Wu et al. (2011a) used the ELODIE interpolator to determine parameters for the CFLIB (also known as the Indo-US library). Including the repeated observations, 109 measurements that we obtained can be compared to a measurement in that study; see Fig. 10. The standard deviations in Teff, logg, and [Fe/H] are 1.4%, 0.16, and 0.09, respectively (clipping with a sigma of 3.0). There do not appear to be any biases. Wu et al. (2011a) compared their determined parameters for FGK stars to many different literature compilations and determined robustly their external errors. They claim a precision of 43 K, 0.13, and 0.05 for Teff, logg, and [Fe/H], respectively. Our standard deviations with respect to Wu et al. (2011a) are slightly higher.

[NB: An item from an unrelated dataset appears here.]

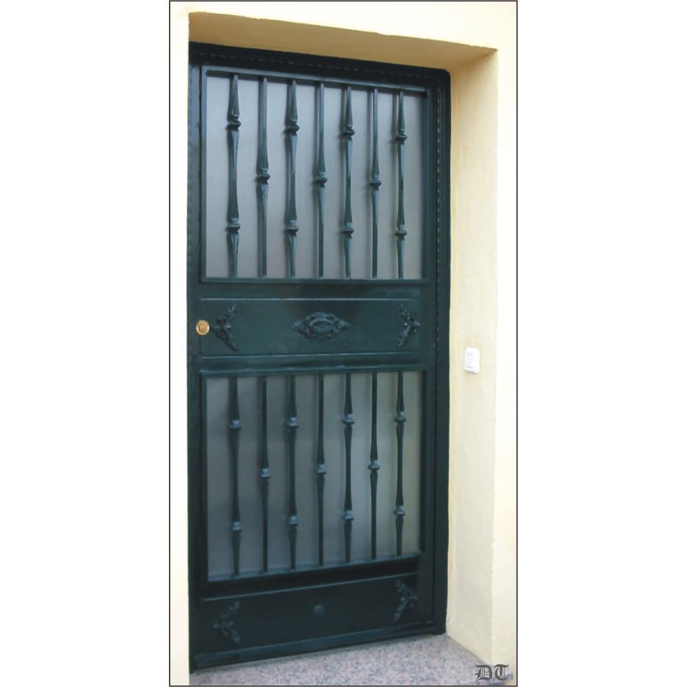 Ejemplo de puerta Nº1008, fabricada con balaustres de hierro forjado, rosetas de hierro fundido y tapajuntas de forja.

4.7.2. Prugniel et al. (2011)

Prugniel et al. (2011) used the first version of the MILES interpolator to determine uniform parameters for the MILES library. Including repeated observations, 229 observations can be compared to a measurement from that study; see Fig. 11. The standard deviations are 1.7%, 0.14, and 0.07 in Teff, logg, and [Fe/H], respectively, although especially for Teff a large fraction of the stars are clipped from computing the standard deviation. There may be a small bias in [Fe/H], where our measurements are on average 0.04 lower.

thumbnail Fig. 10.

Comparison between our adopted parameters and the parameters from Wu et al. (2011a). One and three outliers are not shown for logg and [Fe/H], respectively, and one measurement at 29 000 K is not shown (its Δ Teff/Tefflit is +0.027.). The axes and symbols are explained in Fig. 8.

thumbnail Fig. 11.

Same as Fig. 10, but compared to Prugniel et al. (2011). There are eight, four, and three outliers not shown for Teff, logg, and [Fe/H], respectively, and three additional measurements above 20 000 K are not shown; they have differences between −0.04 and −0.06.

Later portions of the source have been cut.